Exculpation, Insurance and Indemnification of Directors and Officers

Exculpation of Office Holders

Under the Companies Law, an Israeli company may not exempt an office holder
from liability for breach of his duty of loyalty, but may exempt in advance
an office holder from liability to the company, in whole or in part, for a
breach of his duty of care, provided the articles of association of the
company allow it to do so.

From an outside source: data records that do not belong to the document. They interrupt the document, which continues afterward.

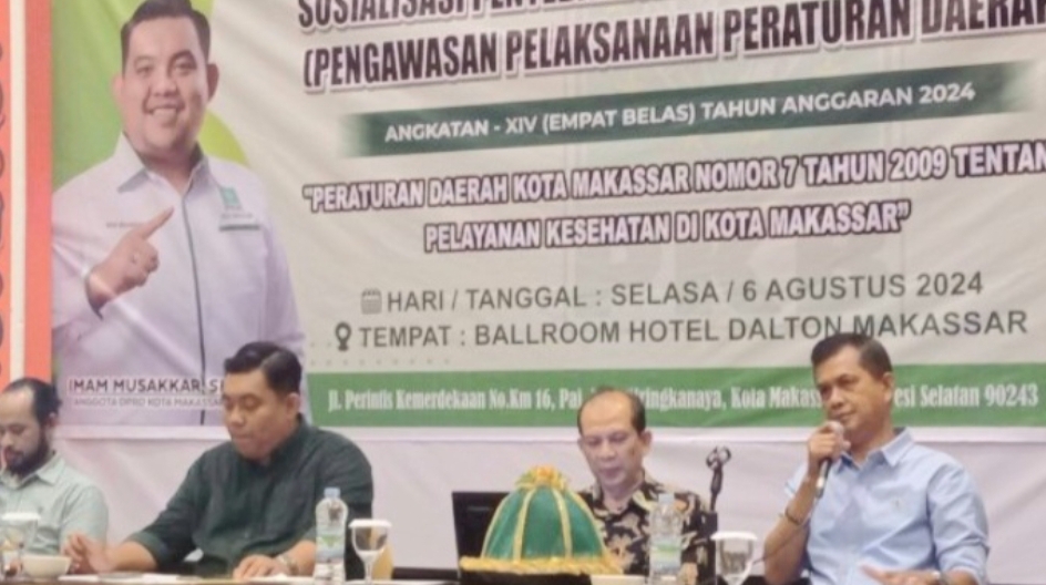 INFOKINI.ID, MAKASSAR – Anggota DPRD Kota Makassar, Imam Musakkar, mengatakan perlu adanya revisi Peraturan Daerah (Perda) Nomor 7 Tahun 2009 tentang Pelayanan Kesehatan. Hal itu disampaikannya saat menggelar Sosialisasi Penyebarluasan Peraturan Daerah (Perda) Nomor 7 Tahun 2009 tentang Pelayanan Kesehatan, di Hotel Dalton, Selasa (6/8/2024).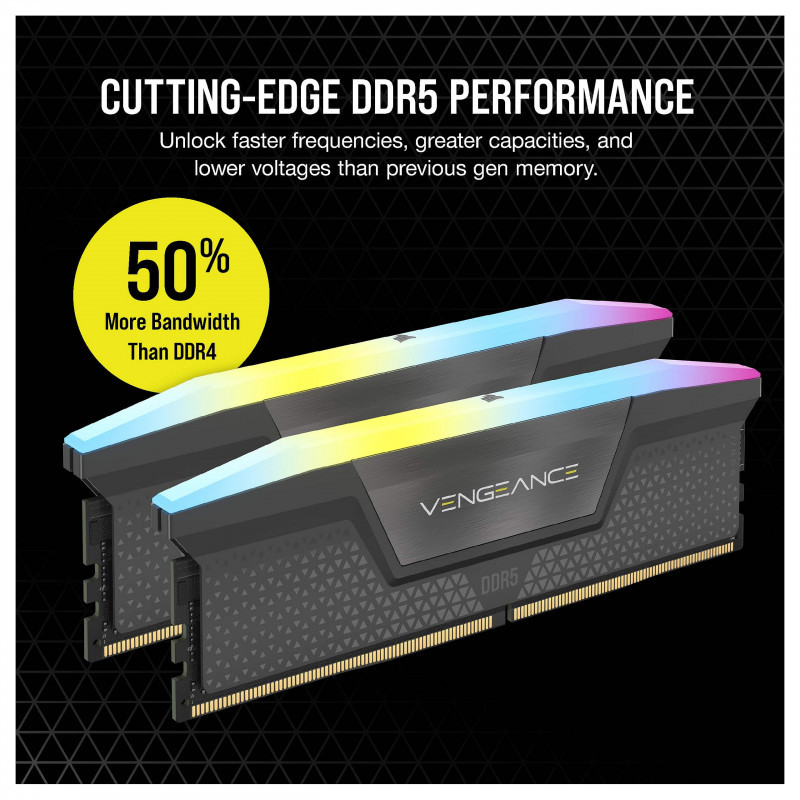 "Corsair Vengeance RGB . Component for: PC, Internal memory: 32 GB, Memory layout (modules x size): 2 x 16 GB, Internal memory type: DDR5, Memory clock speed: 6000 MHz, Memory form factor: 288-pin DIMM, CAS latency: 36, Product colour: Black"\n"VENGEANCE RGB DDR5 DRAM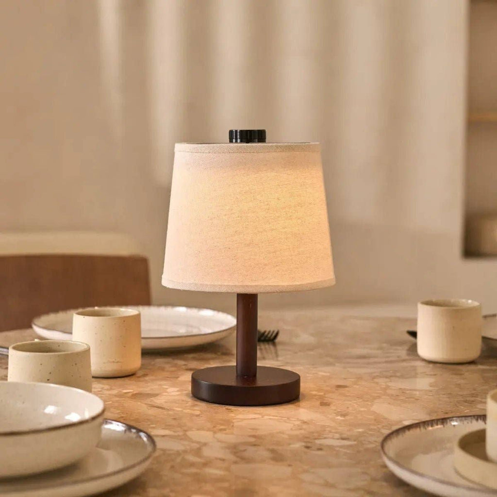 Elegant cordless dark wood table lamp with a linen shade, perfect for lighting corners with no plugs, extra table lighting during dinners, night reading lamps. USB charged making them fully portable and versatile.
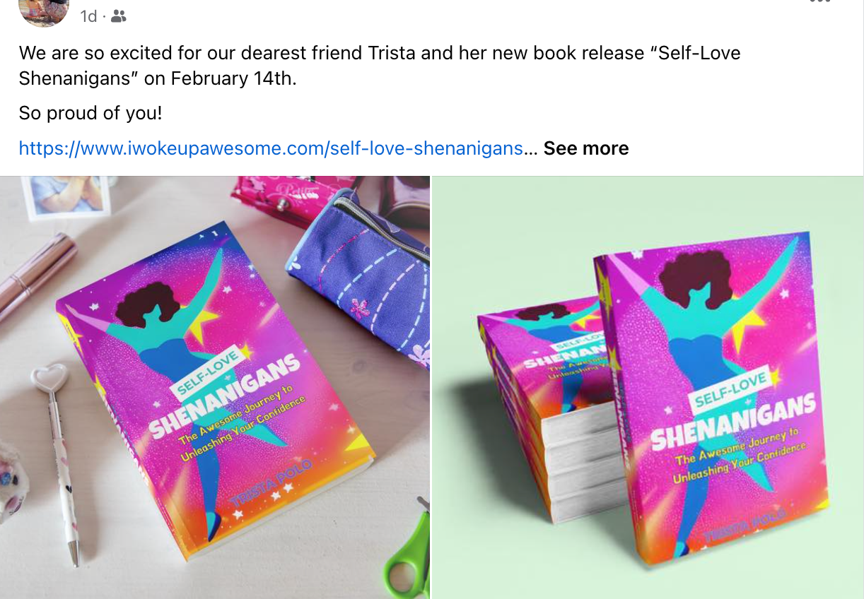 I can't wait to get a new book coming out on Valentine's Day! "Self-Love Shenanigans: The Awesome Journey to Unleashing Your Confidence" by Trista Polo is a delightful roadmap to unlocking self-love, boosting self-esteem, and living a life filled with joy, authenticity, and endless possibilities. Trista made some great perks available for VIP readers including first access to the book at a very special price. Check it out here - https://www.iwokeupawesome.com/self-love-shenanigans #selfloveshenanigans #comingsoon #valentinesday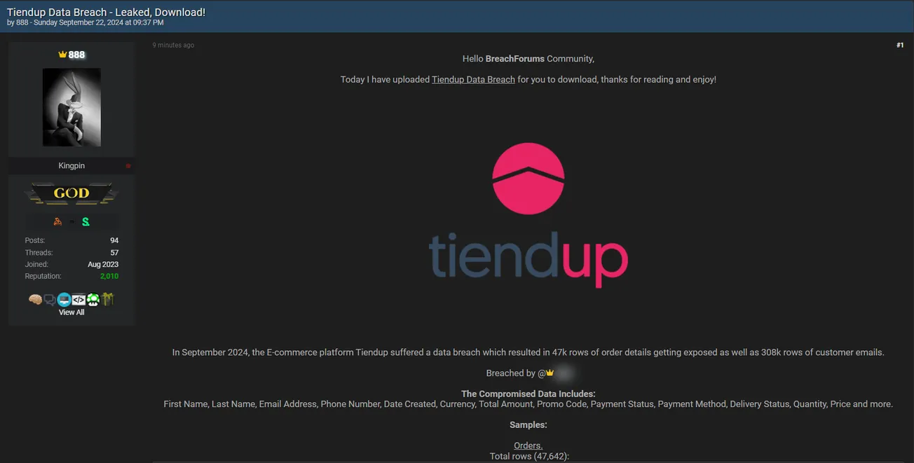🚨 Title: Allegedly leaked Tiendup database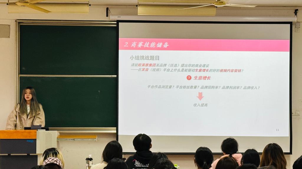 曾致纯同学结合自身丰富的经历,通过一道商赛小组挑战题目的讲解来引出话题,让同学们对商赛的流程以及其所要具备的技能有了一定的了解。她以大一同学对赛事的选择及证书获取为出发点,从实训的实际运用、商赛技能储备、面试加分经历等多方面对同学们进行了专业上的指导,提出了学习ACCA的优势及作用,强调了切实合理地选择的重要性,鼓励同学们多方向发展自己,充实大学生活。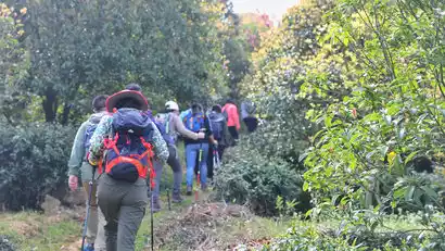 Around 9:30 AM, we warmed up and set off on our sprint. The hike took about 40 minutes, passing Dengwei Mountain and reaching Xuanmu Mountain. The initial hike allowed us to adjust to the pace and stay in shape. Don't fall behind! We then entered Midui Mountain and climbed to the summit for our first glimpse of the stunning Taihu Lake. We continued our journey through the mountains, passing Changshan and the Tanshan Mine. We climbed hills and steep slopes, and continued our long and arduous hike.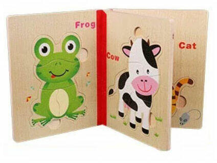 Játék baba könyv, 6 lapozható oldallal. Minden oldalán kirakóval. Mérete: 14,3 x 17 x 2 cm. Anyaga: fa. Többféle mintával is elérhető.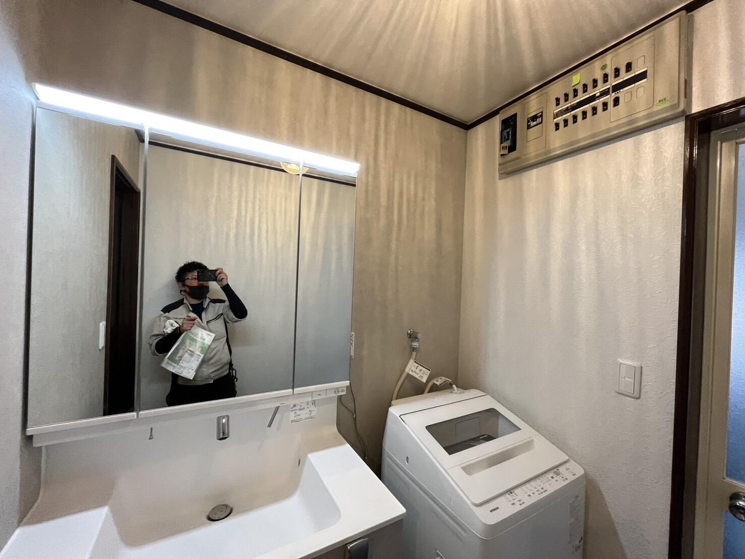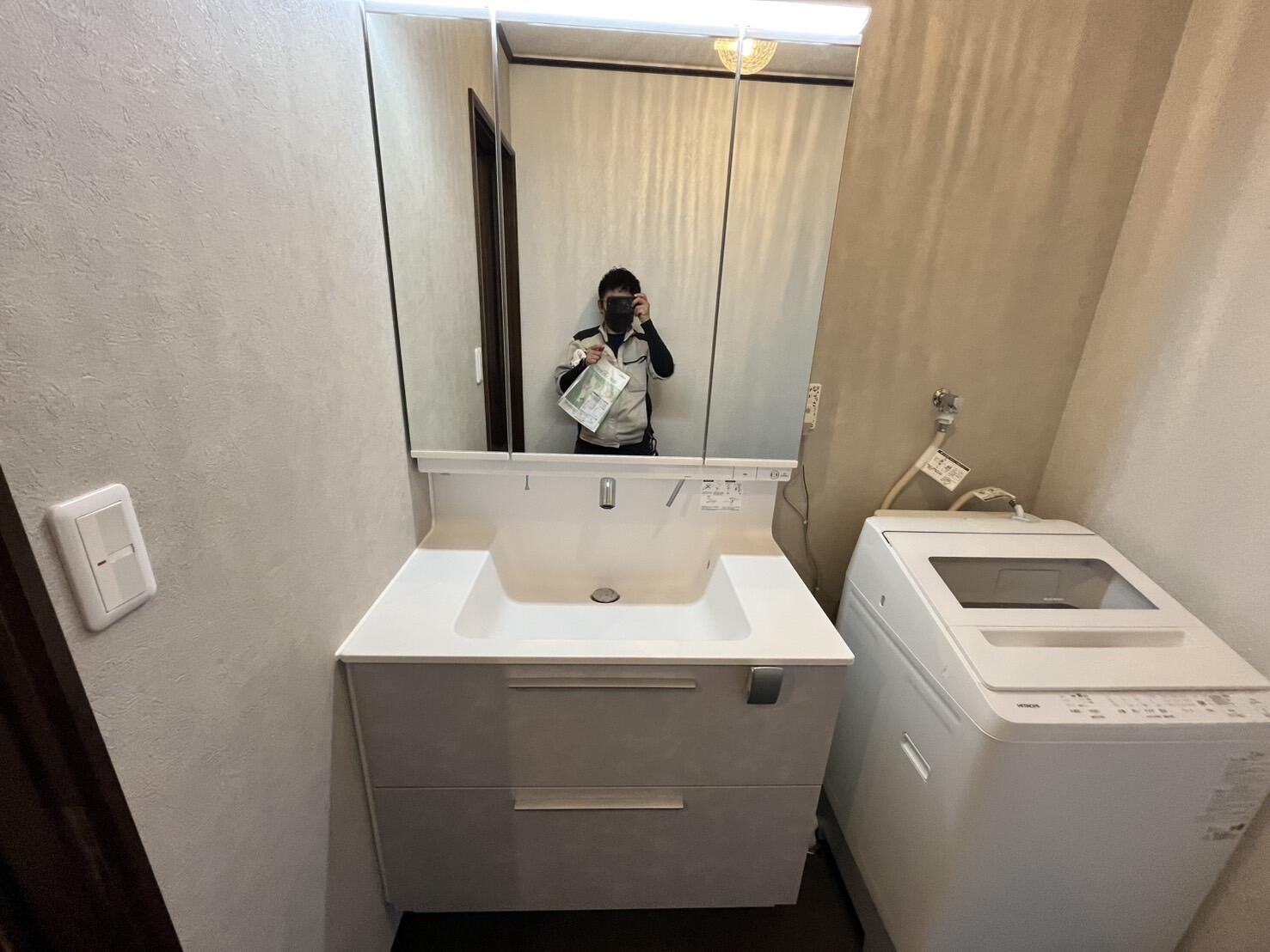 洗面化粧台をリクシルのクレヴィに交換しました。ショールームに足を運んで頂き、仕様や色をお決め頂きました。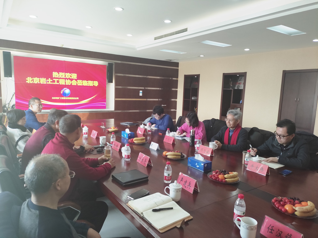 2023年2月24日上午,北京巖土工程協(xié)會常務(wù)副會長周與誠、秘書長牛大偉率領(lǐng)協(xié)會團隊來地礦公司進行現(xiàn)場調(diào)研與工作交流。公司董事長兼總經(jīng)理劉永亮、副總經(jīng)理嚴建兵、副總經(jīng)理任漢鋒、總經(jīng)濟師蔡海慶、總工程師葉鋒等領(lǐng)導(dǎo)班子成員陪同。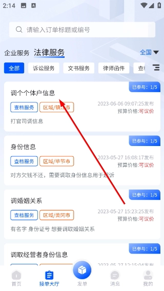 3、在法律服务分类下,能够查看具体的接单需求,像【调个体户信息】这类,了解需求的区域、预算等信息,筛选出可以承接的业务。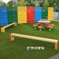 Timber Bench Seats with HDPE Bookend Wall on Artificial Grass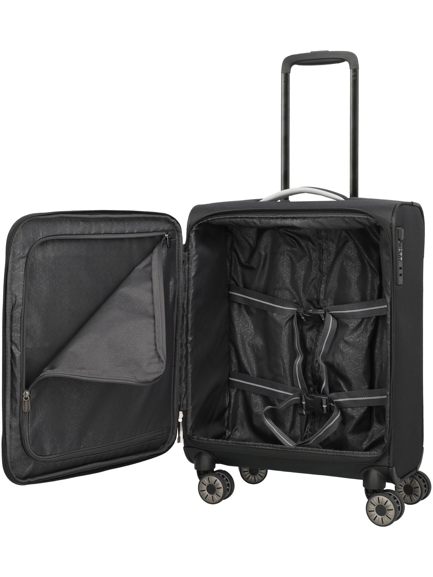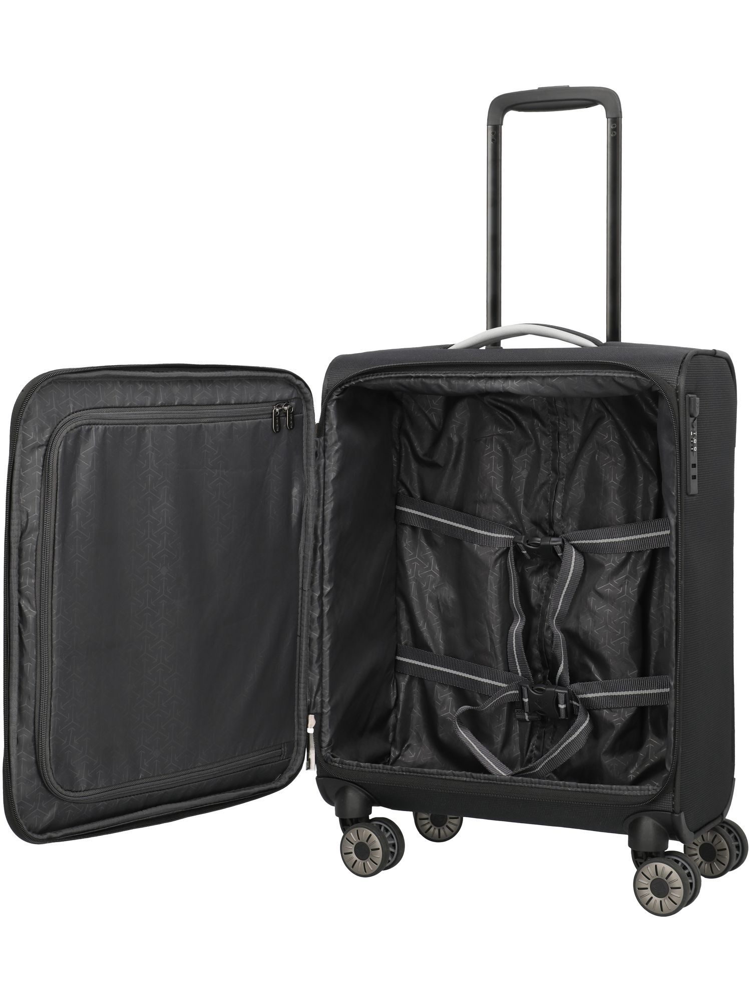 - Praktische Handgepäckmaße, Airlines: Condor, Ryanair (gegen Aufpreis), Integriertes Schloss, Schwarze Reflexstreifen, Leise travelite Rollen, Einstellbare Packgurte innen / Gurtband Packgurte, Trennwand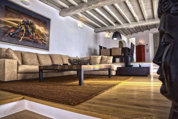 Casa di Mare is a stunning 275 square metre villa located on the island of Mykonos, in a 2,000 square metre plot overlooking the Aegean Sea. Just a short distance from the family-friendly Agios Stefanos Beach, the villa offers a spectacular view of the sea. Sitting here, guests can enjoy their time by the pool, feast on delicious food and watch the sunset that will leave a lasting memory. The tastefully decorated house was designed for luxury and comfort, and guests who come here never want to leave. Casa di Mare consists of the Main House accompanied by four guesthouses. The villa and guest houses accommodate a total of seven couples or 14 guests. Located close to Mykonos Town, Casa di Mare offers all the conveniences of the town as well as the peace and quiet that comes from solitude. Surrounding the villa is a terrace which has everything you need. The T-shaped swimming pool is absolutely gorgeous, and the bar, barbecue, and lounge and dining area have been perfectly designed. The garden is well-maintained and comes complete with its own football (soccer) court. Whether you are just lazing by the pool, strolling in the garden or enjoying a game of footie, you will love your time at Casa di Mare.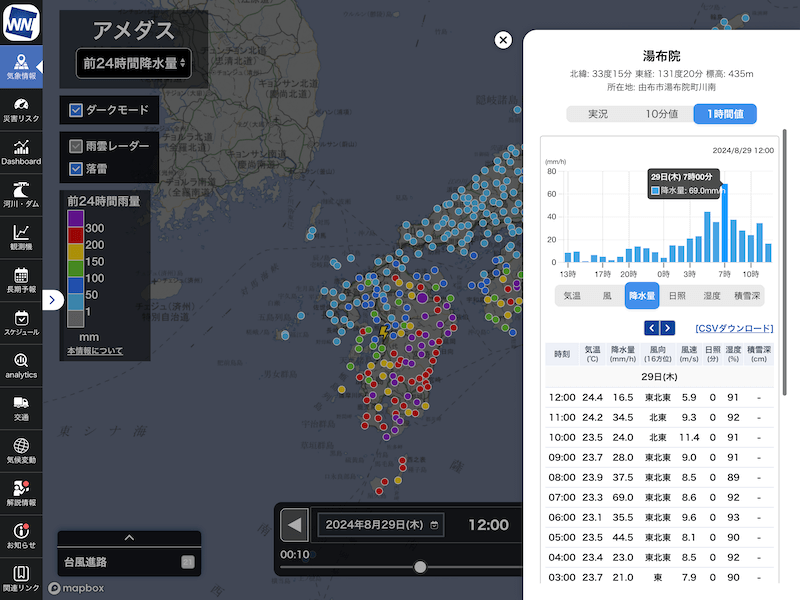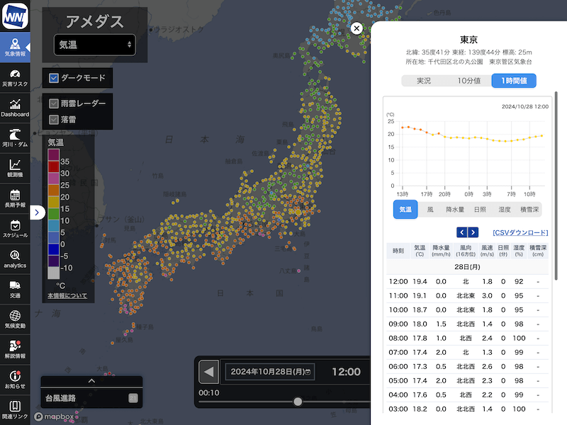 気象庁のアメダスは、全国約1300地点、10分ごとの気温・風向風速・降水量・湿度のほか、雪の多い地域を中心に積雪深の観測が行われています。今回のリリースでは、10分ごとに配信されるアメダスデータをマップに表示するともに、地点をクリックするとグラフや一覧がご確認いただけるようになっています。一覧データは、CSVファイルとしてダウンロードも可能です。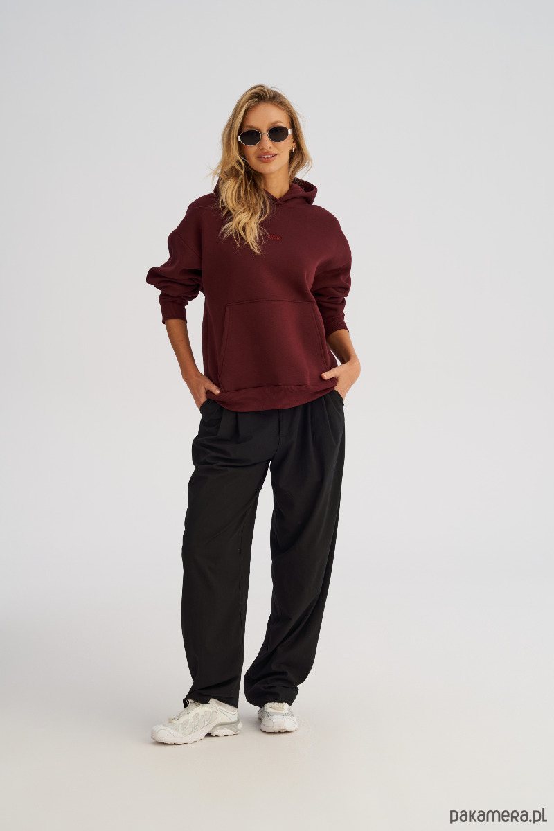 Bluza STUDIO to luźny model, który cieszy się niesłabnącą popularnością. Fason medium oversize nadaje jej swobodny, wygodny charakter i sprawia, że dobrze układa się na różnych sylwetkach. Szerokie rękawy i obniżona linia ramion dodają luzu, a duży kaptur i klasyczna kieszeń kangurka zapewniają funkcjonalność. Luźny dolny ściągacz dodatkowo podkreśla oversizowy efekt i sprawia, że bluza układa się lekko i naturalnie.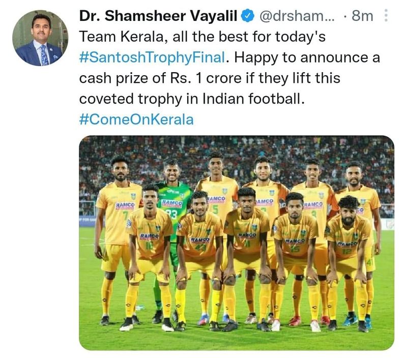 ടീമിന്റെ ഇതുവരെയുള്ള മികച്ച പ്രകടനത്തിനുള്ള അഭിനന്ദനമായും കിരീടം ചൂടാനുള്ള പ്രോത്സാഹനമായുമാണ് തന്റെ പ്രഖ്യാപനമെന്ന് ഡോ. ഷംഷീര് വയലില് ട്വിറ്ററില് കുറിച്ചു. മലയാളിയെന്ന നിലയില് കേരള ടീം ഫൈനലില് എത്തിയതില് അഭിമാനമുണ്ടെന്നും സംസ്ഥാന ഫുട്ബോള് രംഗത്തിന് ആവേശം പകരുന്നതാണ് ടീമിന്റെ മികച്ച പ്രകടനമെന്നും അദ്ദേഹം പറഞ്ഞു. കേരളം വിജയികളായാല് കിരീടദാന ചടങ്ങില് തന്നെ സമ്മാനത്തുക കൈമാറിയേക്കും.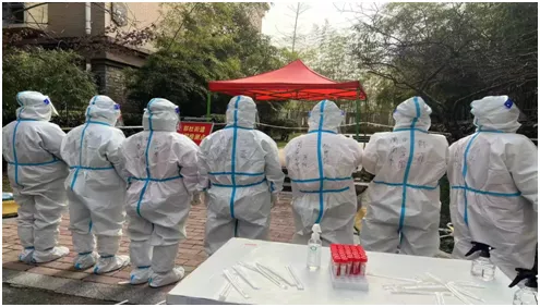 2021年12月29日晚23时,值夜班的我接到医院电话,驰援西安。30日早6时,由我们渭南市中心医院30人组成的采样队踏上了前往西安的征程。上午9时,我们抵达西安市长安区第一个战场一一国色天香小区。没有过多的话语,立刻投入工作之中。凡事预则立不预则废,采样队身处战疫第一线,不仅要做好采样,也要做好自我防护,更要做好消杀工作。我们认真穿好防护服,相互检查,杜绝采样漏洞,每做采样一次就要消毒一次,七八个小时下来,手要消毒几百次,手变得通红僵硬,不听使唤,采样队员们互相打气,没有一人喊苦喊累,在核酸采集的战场上,每个人都是坚强的战士。没有固定工作地点,没有固定工作时间,没有固定吃饭时间,每天接到任务立即出发,其中的艰难和疲累似乎都忘记了,留在大家记忆深处的只有市民们感激的话语、配合的姿态以及长安韦曲南街某小区14楼住户----一位老爷爷为我们竖起的大拇指,这是我们逆行战疫的动力之源。还有来自医院的温暖,领导不断叮咛,衣服穿厚些,做好防护,注意劳逸结合。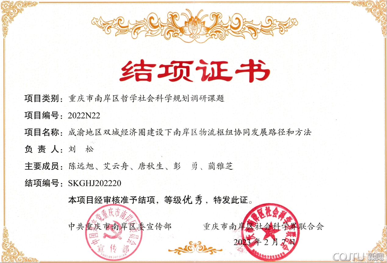 2022年9月,重庆市南岸区社会科学界联合会发布了《关于做好2022年区社科规划调研课题结题工作的通知》。近日,经过评审,交通运输学院刘松、唐秋生、彭勇和蔺雅芝等完成的重点课题“成渝地区双城经济圈建设下南岸区物流枢纽协同发展路径和方法”荣获“南岸区哲学社会科学规划优秀调研课题”。

Our articles of association do not allow us to
exempt our office holders to the fullest extent permitted by law.

Office Holder Insurance

         Our articles of association provide that, subject to the
provisions of the Companies Law, we may enter into a contract for the
insurance of the liability of any of our office holders with respect to:

         o    a breach of his duty of care to us or to another person,

         o    a breach of his duty of loyalty to us, provided that the
              office holder acted in good faith and had reasonable cause to
              assume that his act would not prejudice our interests, or

         o    a financial liability imposed upon him in favor of another
              person concerning an act performed by him in his capacity as
              an office holder.

Indemnification of Office Holders

         Our articles of association provide that we may indemnify an
office holder against:

         o    a financial liability imposed on him in favor of another
              person by any judgment, including a settlement or an
              arbitrator's award approved by a court concerning an act
              performed in his capacity as an office holder, and

                                      66



         o    reasonable litigation expenses, including attorneys' fees,
              expended by the office holder or charged to him by a court,
              in proceedings instituted against him by or on our behalf or
              by another person, or in a criminal charge from which he was
              acquitted, or a criminal charge in which he was convicted for
              a criminal offense that does not require proof of intent, in
              each case relating to an act performed in his capacity as an
              office holder.

Limitations on Exculpation, Insurance and Indemnification

         The Israeli Companies Law provides that a company may not
exculpate or indemnify an office holder, or enter into an insurance
contract, which would provide coverage for any monetary liability incurred
as a result of any of the following:

         o    a breach by the office holder of his duty of loyalty unless,
              with respect to insurance coverage, the office holder acted
              in good faith and had a reasonable basis to believe that the
              act would not prejudice the company;

         o    a breach by the office holder of his duty of care if
              the breach was done intentionally or recklessly;

         o    any act or omission done with the intent to derive an
              illegal personal benefit; or

         o    any fine levied against the office holder.

Required Approvals

In addition, under the Companies Law, any exculpation of, indemnification
of, or procurement of insurance coverage for, our office holders must be
approved by our audit committee and our board of directors and, if the
beneficiary is a director, by our shareholders

Material Contracts

         On November 11, 1999, we entered into a Share Purchase Agreement
with MTS-MER Telemanagement Solutions Ltd, or MER. This agreement related
to our acquisition of all of the outstanding shares of STS Software Systems
(1993) Ltd., or STS, a wholly-owned subsidiary of MER, in exchange for $6
million in cash and 50,000 warrants to purchase our ordinary shares at an
exercise price of $40 per share, which will expire in November 2001. The
acquisition of STS enabled us to add STS's VoIP capabilities to our product
offerings. As of June 15, 2002, 18,750 warrants have been exercised by MER
and the remainder have expired.

         On February 19, 2000, we entered into an Amended and Restated
Agreement and Plan of Reorganization, among us, CPS Merger Corp.,
CenterPoint Solutions, Inc., or CenterPoint, and Douglas Chapiewsky, the
sole stockholder of CenterPoint. This agreement related to our acquisition
of all of the stock of CenterPoint, an application developer of Web-enabled
solutions for statistical tracking, digital recording and automated
customer surveys for contact centers, which was consummated in April 2000.
Pursuant to the agreement, we acquired the CenterPoint stock from Mr.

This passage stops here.